Technical/Theory Changes

Changes to "Aspect"

Right now, the "Aspect" field allows you to search ancestors or descendants of a term, rather than the term itself. Unfortunately, this searches EVERY ancestor or descendant, and there's no way to constrain this by relationship type. I propose we add a modifier to Aspect that allows the user to specify a relationship type (or union of relationship types) to traverse when calculating the descendants and ancestors. If the reasoner is enabled, the filtering system will use the reasoner to do this calculation, which will be MUCH faster than the current method, and will give more intuitive results.

Script Filtering

Occasionally, a user wants to design a filter that just can't be expressed in the limited language of per-term boolean matches (which is basically how the existing filtering specifications work, with the Aspect feature tacked on as a useful extension).
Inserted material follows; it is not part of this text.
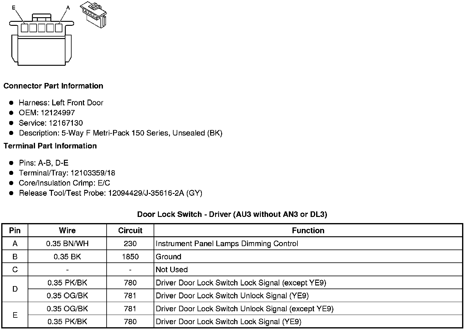 Door Lock Switch - Driver (AU3 without AN3 or DL3)

I suggest that we allow script-based searches for hard-core power users. The script-based searches would be specified in the OSL scripting language. So, for example, imagine someone wanted to find terms whose names contain the word "development", and that have a part_of relationship to a parent term whose name DOESN'T contain the word "development". They could write a search this way...

 function filter(term) {
    if (term.getName().indexOfIgnoreCase("development") == -1)
        return false;
    for link in term.getParents() {
        if (link.getType().getID().equals("part_of") &&
            link.getParent().indexOfIgnoreCase("development" == -1) {
           return true;
    return false;

This kind of scripting is too complex for most users to bother with, but if a user DID write something like that, they could share their script with other users. Further, some of the schemes below allow simple searches to be combined to create more complex searches; in these cases, script-based searches could be dropped in as one of the simple searches, alongside the more conventional searches familiar to current OBO-Edit users.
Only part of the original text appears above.